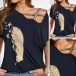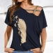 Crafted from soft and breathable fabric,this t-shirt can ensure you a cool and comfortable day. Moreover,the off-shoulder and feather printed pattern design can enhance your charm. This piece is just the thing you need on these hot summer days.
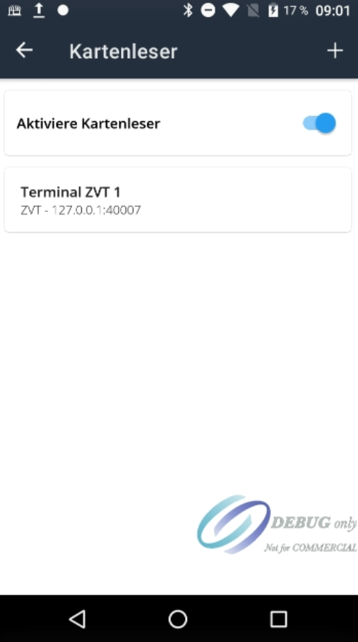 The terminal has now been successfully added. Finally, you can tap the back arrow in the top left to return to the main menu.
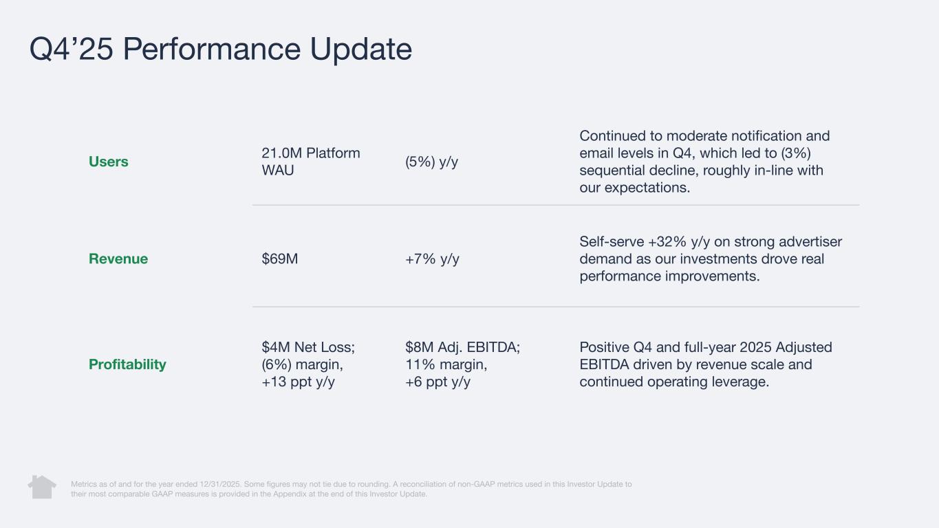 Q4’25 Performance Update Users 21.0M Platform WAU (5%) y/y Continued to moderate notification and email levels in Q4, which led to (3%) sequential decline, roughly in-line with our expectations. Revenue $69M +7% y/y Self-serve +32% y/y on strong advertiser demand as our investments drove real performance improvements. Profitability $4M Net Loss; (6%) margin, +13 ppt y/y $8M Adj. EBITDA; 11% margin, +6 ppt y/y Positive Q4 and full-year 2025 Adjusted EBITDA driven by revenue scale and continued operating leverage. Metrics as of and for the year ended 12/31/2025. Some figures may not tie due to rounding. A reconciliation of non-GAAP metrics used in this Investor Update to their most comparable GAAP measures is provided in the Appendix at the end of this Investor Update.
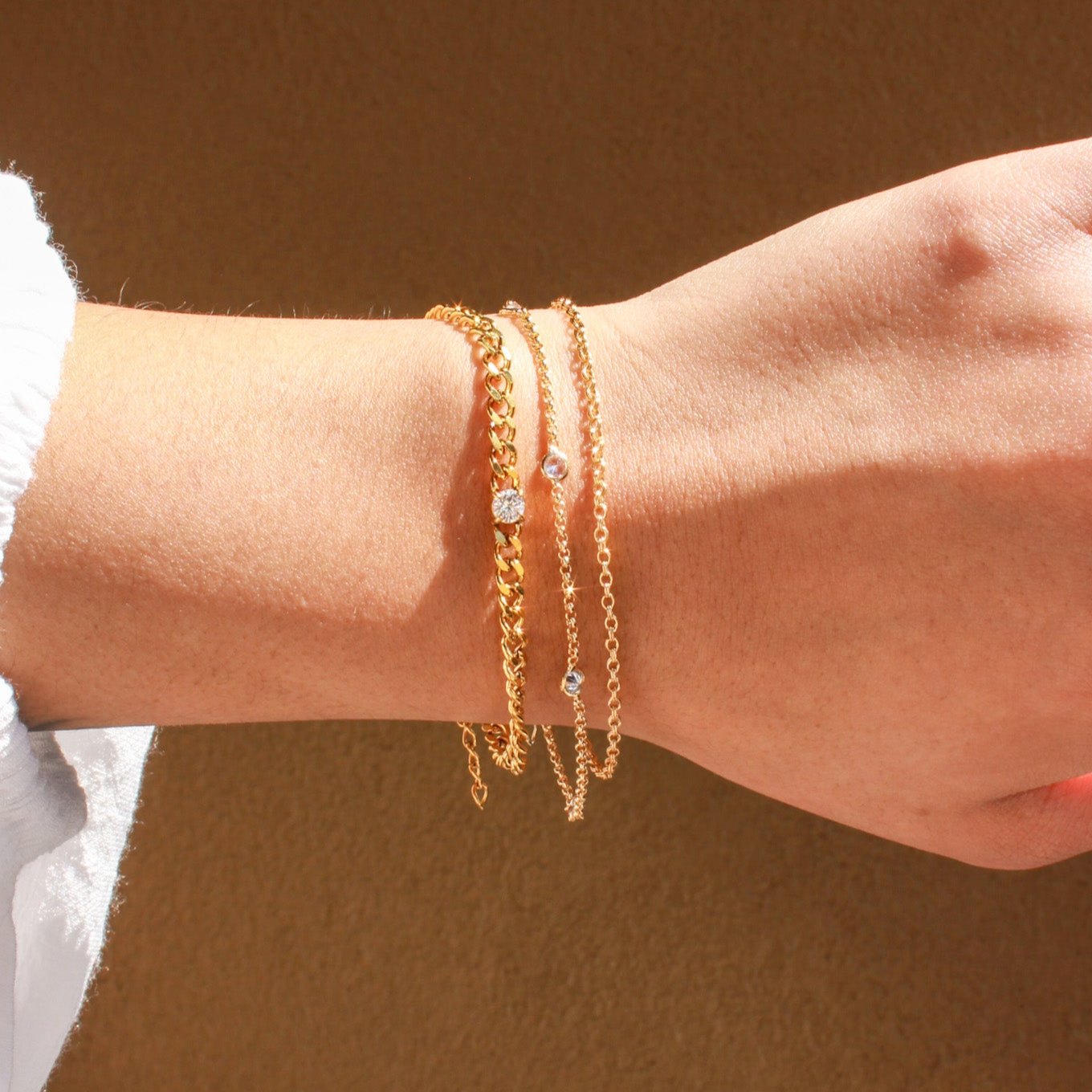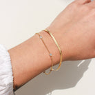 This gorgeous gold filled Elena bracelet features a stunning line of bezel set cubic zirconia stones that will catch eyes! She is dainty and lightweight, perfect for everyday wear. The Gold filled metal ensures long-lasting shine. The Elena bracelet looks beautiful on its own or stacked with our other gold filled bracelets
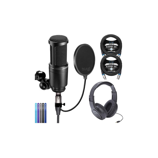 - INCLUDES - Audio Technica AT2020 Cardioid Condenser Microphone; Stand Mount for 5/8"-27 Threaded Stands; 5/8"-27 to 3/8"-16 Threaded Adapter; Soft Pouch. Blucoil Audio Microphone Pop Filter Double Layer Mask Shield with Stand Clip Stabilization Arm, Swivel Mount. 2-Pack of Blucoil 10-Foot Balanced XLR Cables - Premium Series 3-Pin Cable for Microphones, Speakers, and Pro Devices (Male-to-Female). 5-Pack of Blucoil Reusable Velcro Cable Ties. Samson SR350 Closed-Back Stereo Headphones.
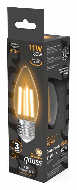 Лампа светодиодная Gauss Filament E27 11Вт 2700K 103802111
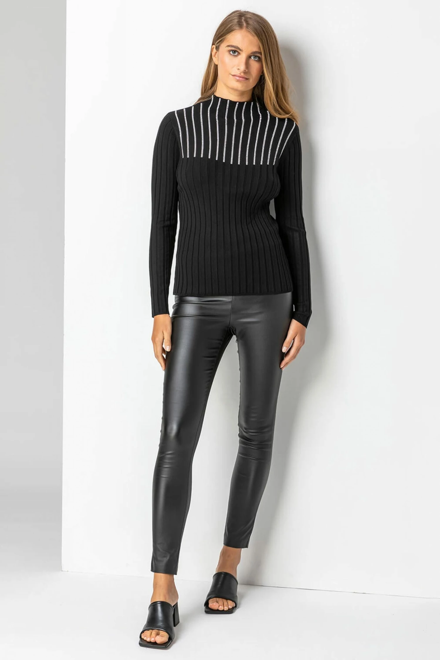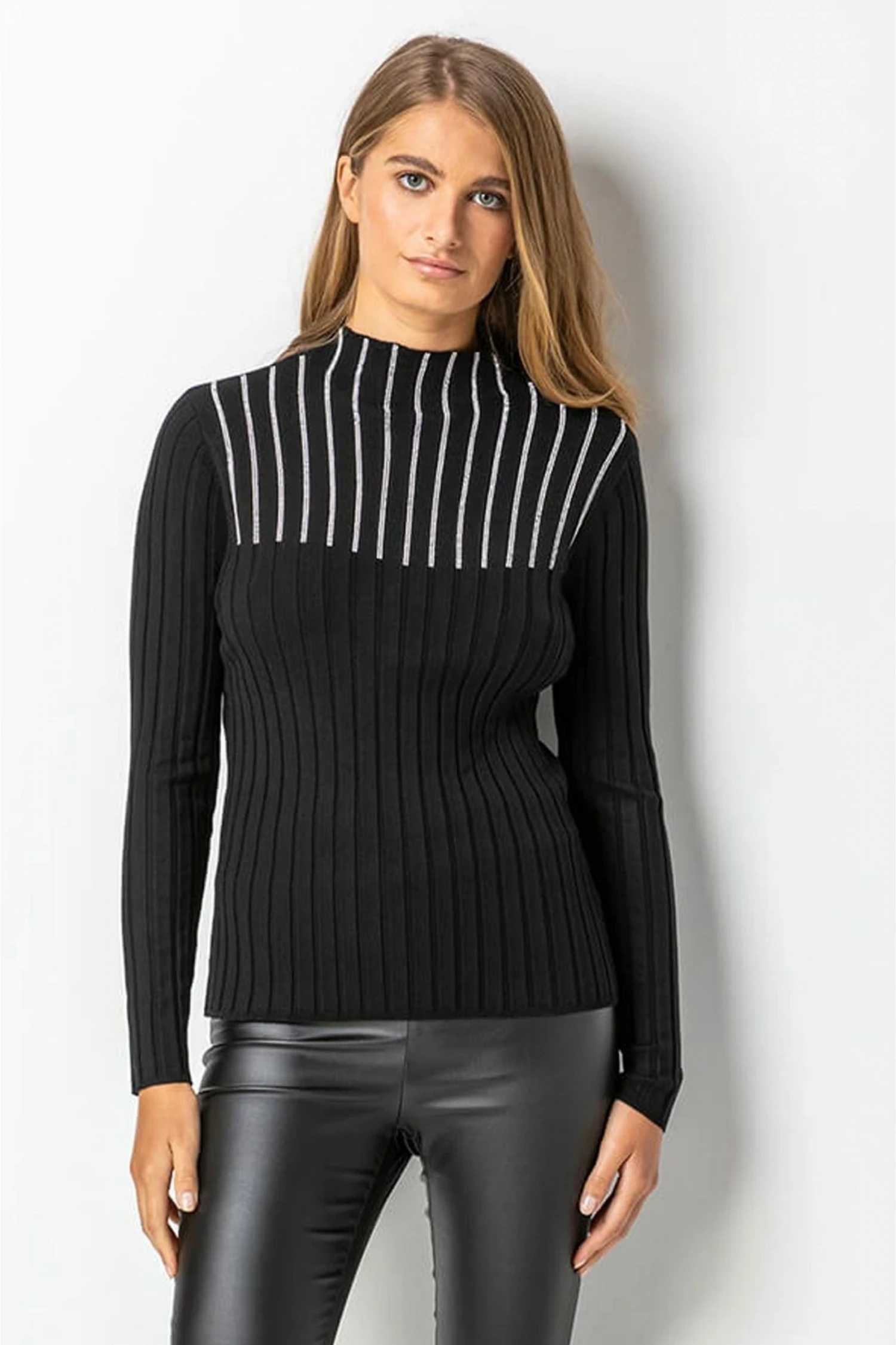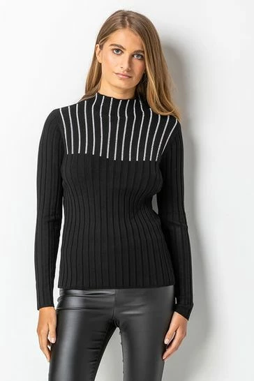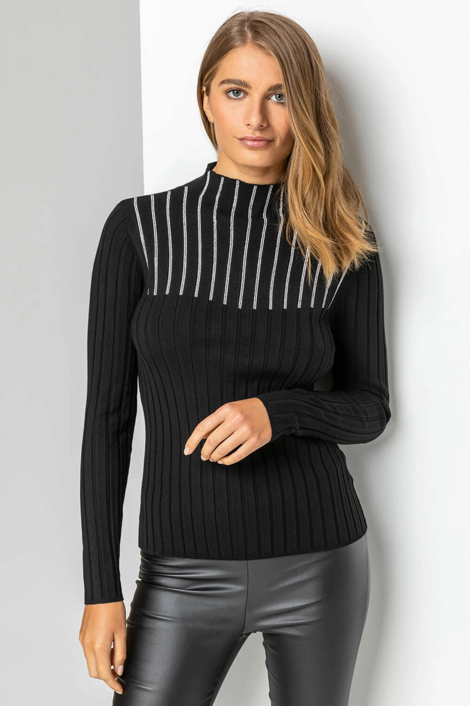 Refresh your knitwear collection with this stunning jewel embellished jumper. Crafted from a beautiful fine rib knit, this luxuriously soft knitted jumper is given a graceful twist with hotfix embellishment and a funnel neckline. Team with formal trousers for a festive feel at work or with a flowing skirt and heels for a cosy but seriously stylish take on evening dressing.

▬▬▬▬▬▬

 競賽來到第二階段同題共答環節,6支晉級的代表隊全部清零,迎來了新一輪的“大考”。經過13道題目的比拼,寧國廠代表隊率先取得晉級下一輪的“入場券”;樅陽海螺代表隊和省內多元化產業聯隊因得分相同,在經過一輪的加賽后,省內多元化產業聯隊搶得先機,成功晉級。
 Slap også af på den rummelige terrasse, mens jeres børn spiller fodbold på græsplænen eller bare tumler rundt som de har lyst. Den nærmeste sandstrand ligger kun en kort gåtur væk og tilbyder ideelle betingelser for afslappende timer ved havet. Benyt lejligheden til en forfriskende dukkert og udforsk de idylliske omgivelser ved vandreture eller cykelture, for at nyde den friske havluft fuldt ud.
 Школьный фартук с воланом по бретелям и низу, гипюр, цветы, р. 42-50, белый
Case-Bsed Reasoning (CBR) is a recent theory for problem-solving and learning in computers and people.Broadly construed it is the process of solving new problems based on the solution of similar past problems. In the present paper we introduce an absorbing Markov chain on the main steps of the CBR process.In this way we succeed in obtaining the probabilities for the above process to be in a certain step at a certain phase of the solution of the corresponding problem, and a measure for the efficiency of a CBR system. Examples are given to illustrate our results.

▬▬▬▬▬▬

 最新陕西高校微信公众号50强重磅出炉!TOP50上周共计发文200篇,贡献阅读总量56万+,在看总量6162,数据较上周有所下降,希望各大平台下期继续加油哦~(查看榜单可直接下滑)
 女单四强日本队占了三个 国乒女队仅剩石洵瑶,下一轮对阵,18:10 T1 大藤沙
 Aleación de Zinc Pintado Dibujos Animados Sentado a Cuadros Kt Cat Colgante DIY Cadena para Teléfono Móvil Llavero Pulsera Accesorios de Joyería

▬▬▬▬▬▬

Above are some records; copy exactly the lines from the one with "Slap også af" through the one with "Школьный фартук с", both included, and no others.

→ **TASK SOLUTION**
 Slap også af på den rummelige terrasse, mens jeres børn spiller fodbold på græsplænen eller bare tumler rundt som de har lyst. Den nærmeste sandstrand ligger kun en kort gåtur væk og tilbyder ideelle betingelser for afslappende timer ved havet. Benyt lejligheden til en forfriskende dukkert og udforsk de idylliske omgivelser ved vandreture eller cykelture, for at nyde den friske havluft fuldt ud.
 Школьный фартук с воланом по бретелям и низу, гипюр, цветы, р. 42-50, белый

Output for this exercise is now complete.